Kingsman: The Golden Circle Review: 'J'ai joué en toute sécurité et n'a pas l'avantage qui a rendu le premier film mémorable'

Notre avis

Un divertissement amusant et éphémère si vous recherchez la même chose, mais que vous ne parvenez pas à vous frayer un chemin.





Verdict de GamesRadar+

Un divertissement amusant et éphémère si vous recherchez la même chose, mais que vous ne parvenez pas à vous frayer un chemin.

Une suite à celle de 2014 Kingsman : les services secrets était une perspective inévitable mais bienvenue. Après tout, ce film a fait pour les espions ce que Kick-Ass a fait pour les super-héros de bandes dessinées et a rapporté plus de 400 millions de dollars dans le monde. Le réalisateur Matthew Vaughn et l'écrivain Jane Goldman n'ont adhéré que vaguement au matériel source de la bande dessinée de Mark Millar pour la première fois, et ici, ils ont libre cours pour aller dans la direction qu'ils veulent.

C'est dommage alors qu'il soit joué si sûr, sans le bord qui a rendu le premier film mémorable. Cela commence assez bien, avec un morceau OTT délirant dans un taxi londonien, alors qu'Eggsy (Taron Egerton) repousse un agresseur familier. Tourné de manière inventive et rythmé à bout de souffle, c'est une ouverture énergisante qui regorge d'enthousiasme, de fanfaronnade et de gadgets.
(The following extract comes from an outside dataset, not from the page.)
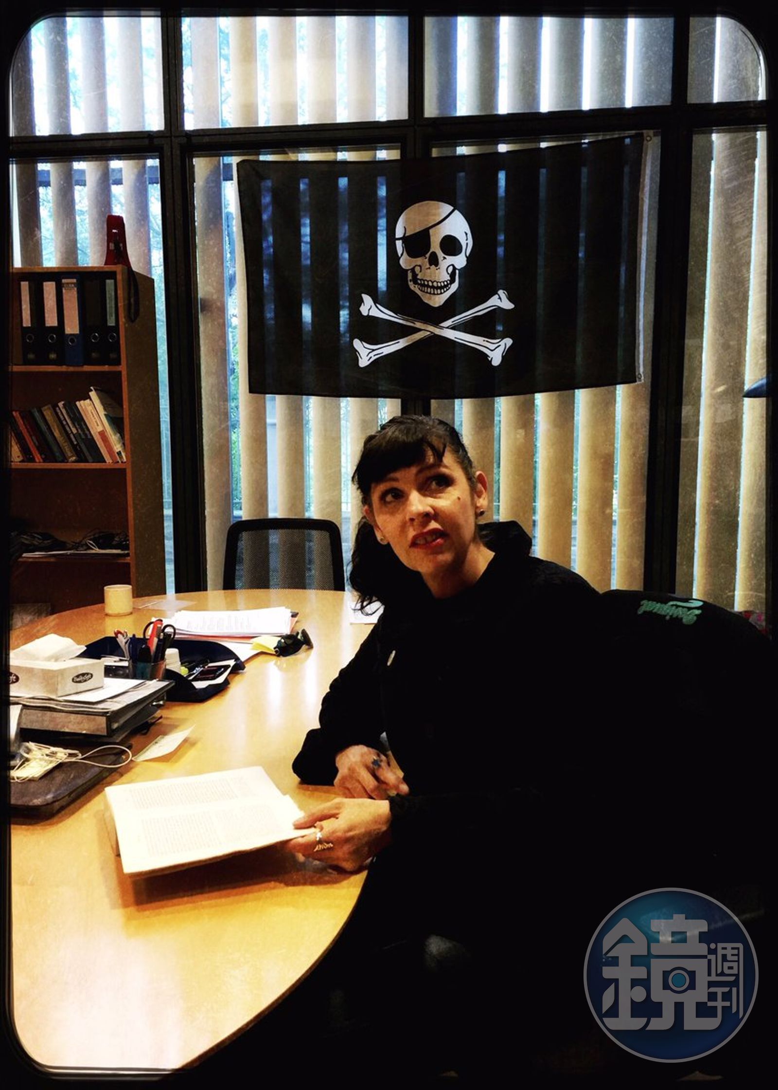 這個黨叫做冰島海盜黨(Icelandic Pirate Party),他們的國會辦公室牆上掛著一面黑色海盜旗,上面繪有一顆白色骷顱頭和兩根交叉的人骨。

Il y a quelques coups de pied arrêtés plus impétueux à apprécier plus tard, mais il faut un certain temps avant que le rythme ne reprenne, et l'intrigue principale - notre héros est obligé de devenir un voyou lorsqu'un syndicat du crime cible ses compagnons Kingsmen - est le bien-foutu terrain des récentes missions 007 et Ethan Hunt.

Le cinquième amendement

En faisant équipe avec le support technique de Kingsman, Merlin (Mark Strong, toujours fiable), Eggsy suit un indice qui le mène à une distillerie de whisky dans le sud des États-Unis, une façade pour l'équivalent américain de Kingsman. Menés par Jeff Bridges' Champ et Channing Tatum's Tequila, les Statesmen sont un ajout bienvenu au giron, bien qu'il soit difficile de ne pas masquer l'impression que Bridges et Tatum n'étaient disponibles que pour quelques jours de tournage.
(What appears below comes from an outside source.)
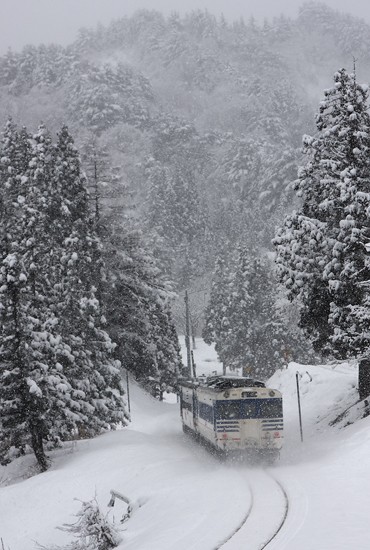 しんしんと降る雪。車も人も疎らな峠道。列車は静かに林間に消えていった。

C'est à travers les hommes d'État qu'Eggsy découvre son ancien mentor présumé mort, Harry Hart (Colin Firth), apparemment bien vivant. Le rôle correspond à Firth comme une chaussure Oxford sur mesure, mais la manière de son retour est un peu décevante, compte tenu du secret qui l'entoure. C'est un autre moment 'trop ​​sûr' dans un film qui aurait dû prendre plus de risques.



Julianne Moore est très amusante dans le rôle de Poppy, une cheville ouvrière de la drogue – Vaughn la décrit comme Martha Stewart sous crack – enfermée dans un repaire de style américain dans la jungle cambodgienne. Mais son plan directeur étend la crédulité dans la logique interne de ce monde de la bande dessinée. Attraper les plus grands rires de tous est un Elton John très bien déployé. Heureusement, c'est une suite qui n'est pas devenue plus sombre. Les acteurs émettent uniformément un charme à plein faisceau, ce n'est donc jamais une corvée d'être en leur compagnie.

Plus problématique est l'absence d'arc réel cette fois-ci. La transition de garçon à seigneur du premier film manque cruellement, tout comme le contraste entre le milieu ouvrier d'Eggsy et les services secrets highfalutin. L'équipe transatlantique n'offre tout simplement pas le même zing. En conséquence, The Golden Circle se sent souvent précisément adapté alors qu'il aurait dû être coupé un peu plus lâche.